Ktor controllers are identical to Ktor modules but are more convenient for adding routes and eliminate the need to explicitly call routing { } in the module.

// As with any regular Tegral DI component, the 'scope: InjectionScope' parameter
// is optional if you do not need it.
class MyController(scope: InjectionScope) : KtorController() {
override fun Routing.install() {
get("/hello") {
call.respondText("Hello World!")
}
}
}

Installation order

In case you need to control the order in which your components are installed, you can pass a priority integer to KtorController and KtorModule constructors.

class MyController(scope: InjectionScope) : KtorController(10) {
...
}

class MyModule(scope: InjectionScope) : KtorModule(200) {
...
}

By default:

  • Applications' setup() have a priority of Int.MAX_VALUE and are always installed first.
  • Modules have a priority of 500.
  • Controllers have a priority of 300.

Modules and controllers are installed in the decreasing order of their priority, from largest to smallest.

Controllers and modules that have the same priority are installed in an arbitrary order.
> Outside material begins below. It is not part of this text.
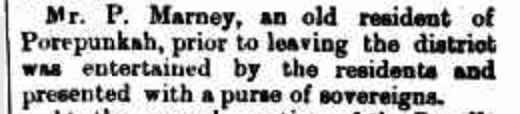 “Myrtleford Mail and Whorouly Witness” (Vic.), Thursday 12 February 1914, page 1 (extract from article: “Porpunkah”).

Make sure you use priorities if you need a specific order, even if the default order happens to just work for you.

Multiple Ktor apps

Tegral Web Controller supports hosting multiple independent Ktor applications under the same environment.

In order to differentiate between applications (e.g. which controllers are installed where), you can give your applications a name and tell your controllers and modules to install themselves only onto applications of a specific name:

const val AppOneName = "app-one"
const val AppTwoName = "app-two"

class AppOne(scope: InjectionScope) : KtorApplication(scope, AppOneName) {
...
}

class AppTwo(scope: InjectionScope) : KtorApplication(scope, AppTwoName) {
...
}

class ModuleA : KtorModule(restrictToAppName = AppOneName) {
// This module is only installed on AppOne
...
}

class ModuleB : KtorModule(restrictToAppName = AppTwoName) {
// This module is only installed on AppOne
...
}

If you do not specify a name for your application, it gets the name null by default. null is a valid name and has no special meaning (other than that it is the name used by default).